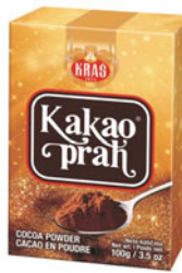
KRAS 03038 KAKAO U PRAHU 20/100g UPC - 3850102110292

────────────────────────────────────────

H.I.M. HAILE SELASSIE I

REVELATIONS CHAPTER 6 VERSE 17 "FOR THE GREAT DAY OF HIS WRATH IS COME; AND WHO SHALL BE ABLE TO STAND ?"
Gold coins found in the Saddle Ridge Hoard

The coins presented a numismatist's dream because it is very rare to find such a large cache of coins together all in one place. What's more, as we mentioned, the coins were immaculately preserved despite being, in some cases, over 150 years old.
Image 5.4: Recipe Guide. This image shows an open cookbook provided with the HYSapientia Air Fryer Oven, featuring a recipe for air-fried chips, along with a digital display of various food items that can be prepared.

────────────────────────────────────────

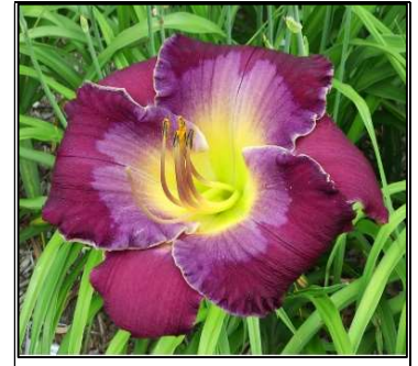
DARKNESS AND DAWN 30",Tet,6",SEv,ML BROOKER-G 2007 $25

────────────────────────────────────────

* **PROMPT**: Filter the records above, keeping each line that contains the word "coins".

* **ANSWER SECTION**:
Gold coins found in the Saddle Ridge Hoard
The coins presented a numismatist's dream because it is very rare to find such a large cache of coins together all in one place. What's more, as we mentioned, the coins were immaculately preserved despite being, in some cases, over 150 years old.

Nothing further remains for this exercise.